# Task item
Pictures in the data below are not part of the copy; transcribe everything else exactly.

(Beginning of Raw data)

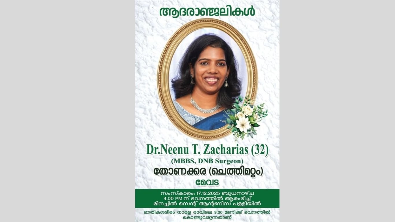 പാലാ: മീനച്ചിൽ സ്വദേശിനിയായ യുവ ഡോക്ടർ കുഴഞ്ഞുവീണ് മരിച്ച നിലയിൽ. മീനച്ചിൽ മൂലെത്തുണ്ടി ഭാഗത്ത് താമസിക്കുന്ന തോണക്കര സക്കറിയ ജോസഫിന്റെ മകൾ നീനു (29) ആണ് മരിച്ച നിലയിൽ കാണപ്പെട്ടത്.
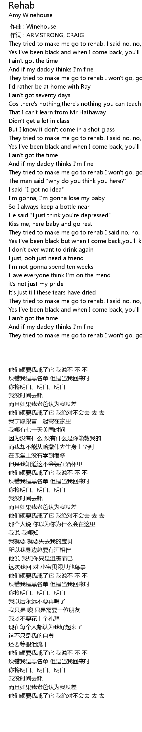 This is lyrics to Rehab by Rihanna. I do not own the music.. Rehab Lyrics are a theme that is being searched for and favored by netizens nowadays. You can Save the Rehab Lyrics here. Get all royalty-free pix. Amy Winehouse - Rehab (LYRICS ON SCREEN), Singer Amy Winehouse has been found dead at her home in Camden, north London, at the age of 27, police have confirmed..
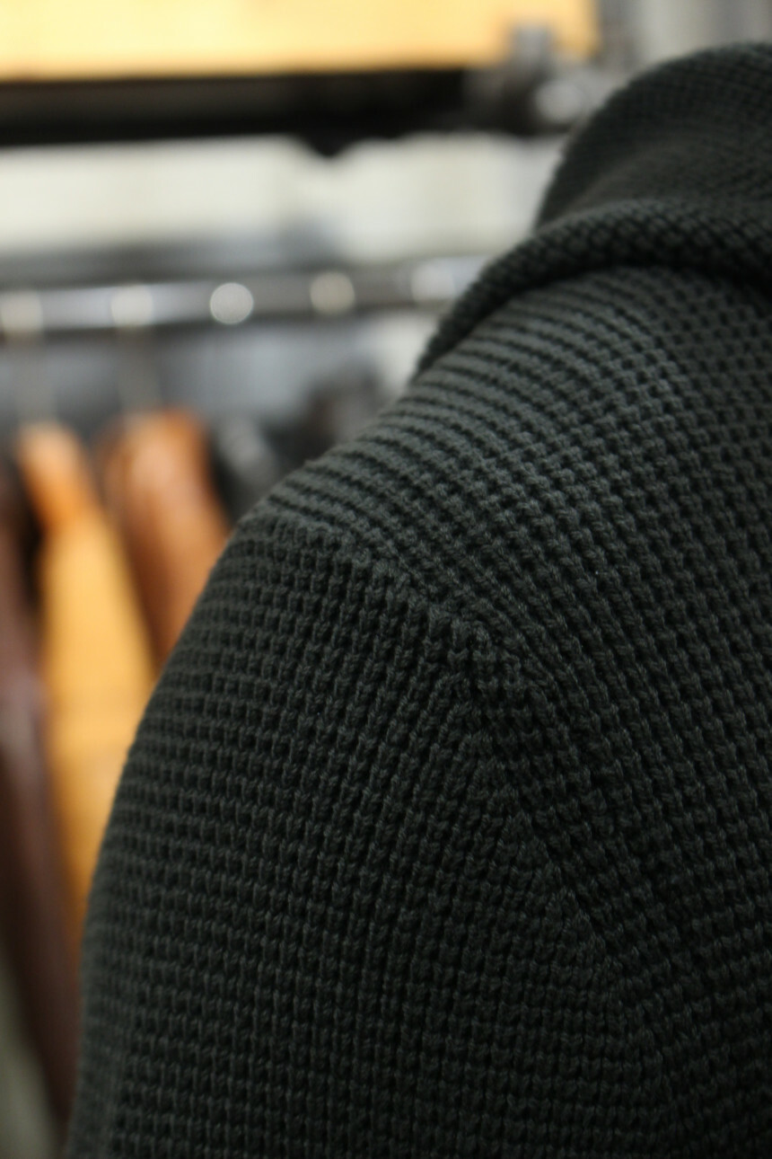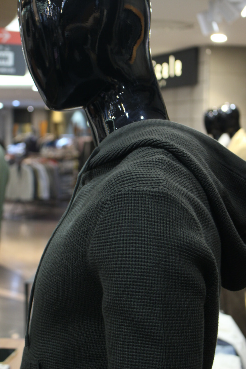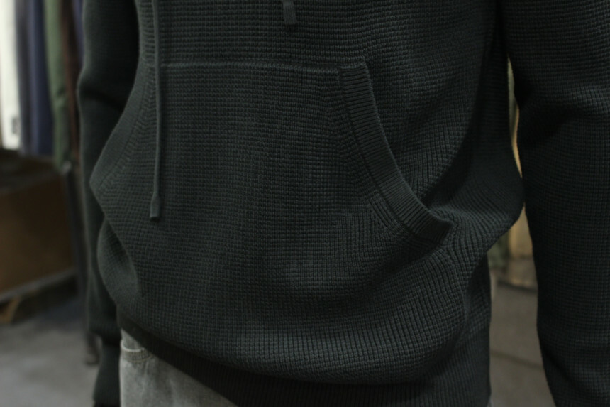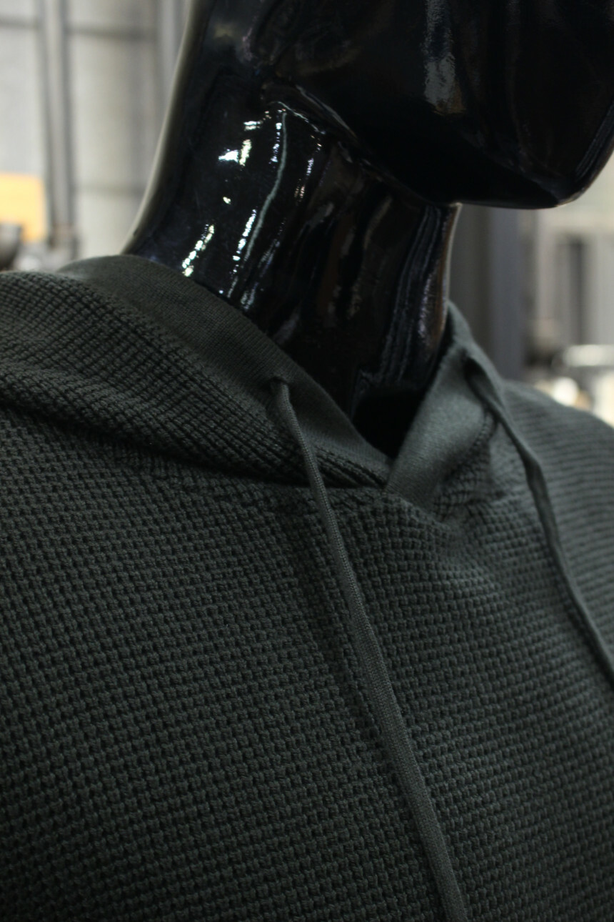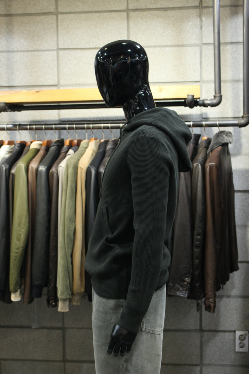 카키컬러의 와플조직면니트로 신축성이 좋아 슬림하면서도 비교적 편안한 느낌입니다

(End of Raw data)

# Solution for this problem
 പാലാ: മീനച്ചിൽ സ്വദേശിനിയായ യുവ ഡോക്ടർ കുഴഞ്ഞുവീണ് മരിച്ച നിലയിൽ. മീനച്ചിൽ മൂലെത്തുണ്ടി ഭാഗത്ത് താമസിക്കുന്ന തോണക്കര സക്കറിയ ജോസഫിന്റെ മകൾ നീനു (29) ആണ് മരിച്ച നിലയിൽ കാണപ്പെട്ടത്.
 This is lyrics to Rehab by Rihanna. I do not own the music.. Rehab Lyrics are a theme that is being searched for and favored by netizens nowadays. You can Save the Rehab Lyrics here. Get all royalty-free pix. Amy Winehouse - Rehab (LYRICS ON SCREEN), Singer Amy Winehouse has been found dead at her home in Camden, north London, at the age of 27, police have confirmed..
 카키컬러의 와플조직면니트로 신축성이 좋아 슬림하면서도 비교적 편안한 느낌입니다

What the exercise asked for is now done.